Cuthbert Lockwood of St. Martin's-in-the-Fields broke into the house of Thomas Price and stole velvet and gold lace belonging to Queen Anne (fn. 3) (p. 308).
William Woodfen stole a dapple-grey gelding worth £10 from the Archbishop of Canterbury, for which he went to the gallows (p. 188). The Archbishop was George Abbot, who was elected in 1611 and held the see until his death in 1633.
The house at Mile End of Ann, Countess of Dorset, widow of Thomas Sackville, the second Earl, was broken into (pp. 2, 128), while other houses to be burgled included those of Sir George Hall at Ratcliffe (p. 54) and of Sir John Butler at Old Street (p. 54).
The Earl of Lincoln made the serious complaint against William James, a locksmith, that he made a key which opened a chest in the Earl's house in Cannon Row, for it was due to the making of this key that £1,000 was taken out of the chest. Sir Henry Fiennes, also of Cannon Row, stood surety for Francis Needham, his servant, and for Richard Browne of Ketton, co. Rutland, gentleman, who were also accused of being connected with the opening of the chest and the taking of the £1,000 (p. 85). It appears probable that Sir Henry was. related both to William Fiennes, afterwards Lord Saye and Sele, and to the Earl of Lincoln, for Theophilus Clinton, afterwards sixteenth Earl of Lincoln, married Bridget, daughter of the same William Fiennes.

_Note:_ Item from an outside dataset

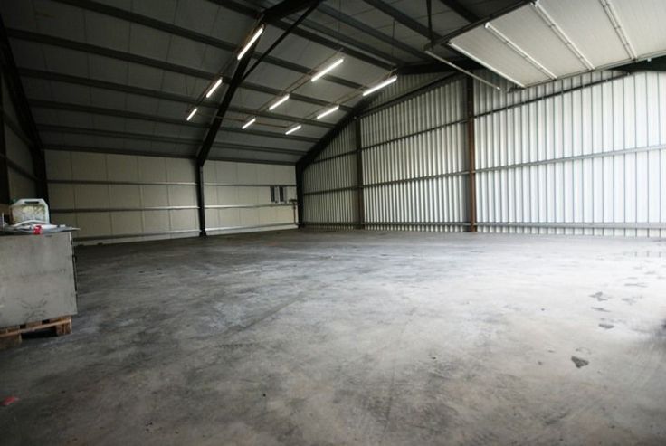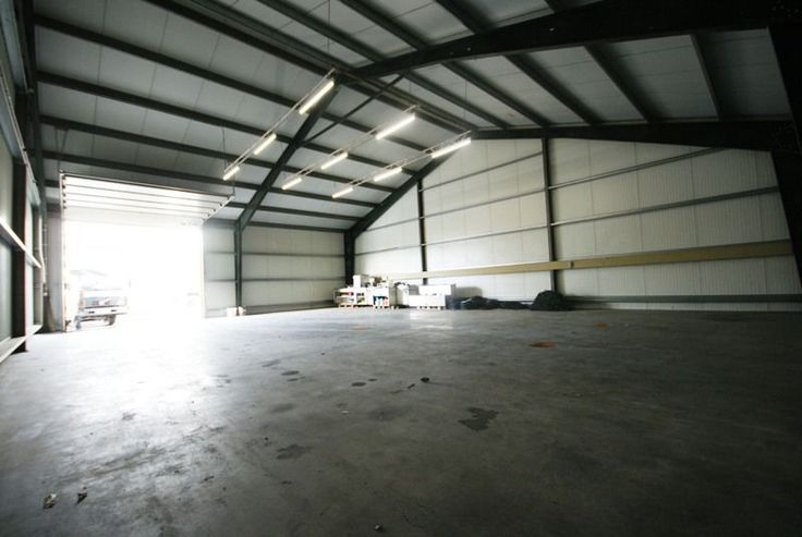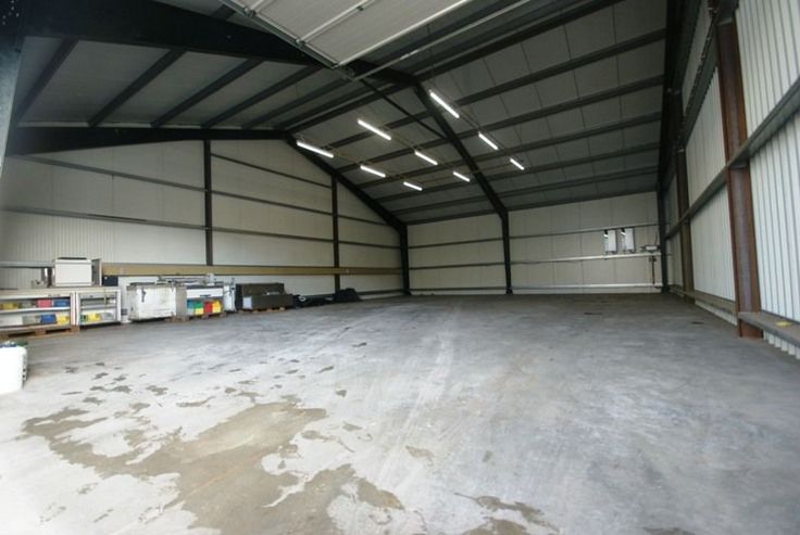 AFWERKING: Metalen constructie, gepolierde betonvloer, geïsoleerd zadeldak, TL-verlichting, vrije hoogte: 4,5m, 1 manuele sectionaalpoort (h: 4m).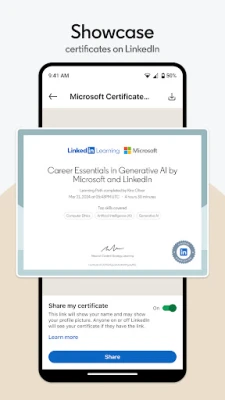 LinkedIn Learning آپ کو لچکدار سیکھنے کا تجربہ فراہم کرتا ہے۔ چاہے آپ آن لائن ہوں یا آف لائن، مختصر ویڈیوز، آڈیو لیکچرز، یا مکمل کورسز کے ذریعے اپنی پسند کے طریقے سے سیکھ سکتے ہیں۔ 'Daily' فیچر کے ساتھ، ہر روز تھوڑا سا وقت نکال کر نئی چیزیں سیکھنے کی عادت ڈالیں اور اپنے علم میں اضافہ کریں۔ کامیابی کے ساتھ کورسز مکمل کرنے پر پیشہ ورانہ سرٹیفکیٹ اور تسلسل تعلیم کے کریڈٹس حاصل کریں، اور انہیں اپنے LinkedIn پروفائل میں شامل کر کے اپنی پیشہ ورانہ شناخت کو مزید مضبوط بنائیں۔ یہ پلیٹ فارم انگریزی، جرمن، فرانسیسی، ہسپانوی، جاپانی، چینی، پرتگالی، ڈچ، انڈونیشیائی، پولش، ترکی اور کورین سمیت متعدد زبانوں میں دستیاب ہے۔

Alexander Cortopp of Fleet Street was suspected to have been concerned with robbing the Hall of the Company of Barber-Surgeons (p. 81); Christiana Pickeringe was found not guilty of stealing several coins from the pocket of a gentleman from Merioneth, in the Strand (p. 221); Stephen Blackwell of Westminster, gentleman, was branded for stealing some velvet and lace from Thomas, Lord Knyvett, who headed the search of the vaults of the House of Lords for conspirators in the Gunpowder Plot (p. 226); and William Wade, an upholsterer, was charged with stealing broadcloth belonging to Sir William Craven, an ex-Lord Mayor who was the founder of a Library still bearing his name in St. John's College, Oxford (p. 208).
One of the items stolen from the house of John Manwood in Chancery Lane by his servant was a "coronacon skarfe". This does not, I think, indicate a form of coronation souvenir, but a scarf of carnation colour. The normal way of spelling "carnation" before the middle of the seventeenth century was "coronation" (p. 223).
Edward Trappes of Finchley and George White of Edmonton were hanged for assaulting Edward Curtis and William Evans in the highway at Finchley, and stealing a horse, saddle and bridle and other goods (p. 304).
Mark Noble, a cutler in the Strand, conveyed away a sword which was taken from Nicholas Hawes in the highway by thieves, but on bringing in the sword to the Court and delivering it to Mr. Hawes without demanding any recompense, he was discharged (p. 241).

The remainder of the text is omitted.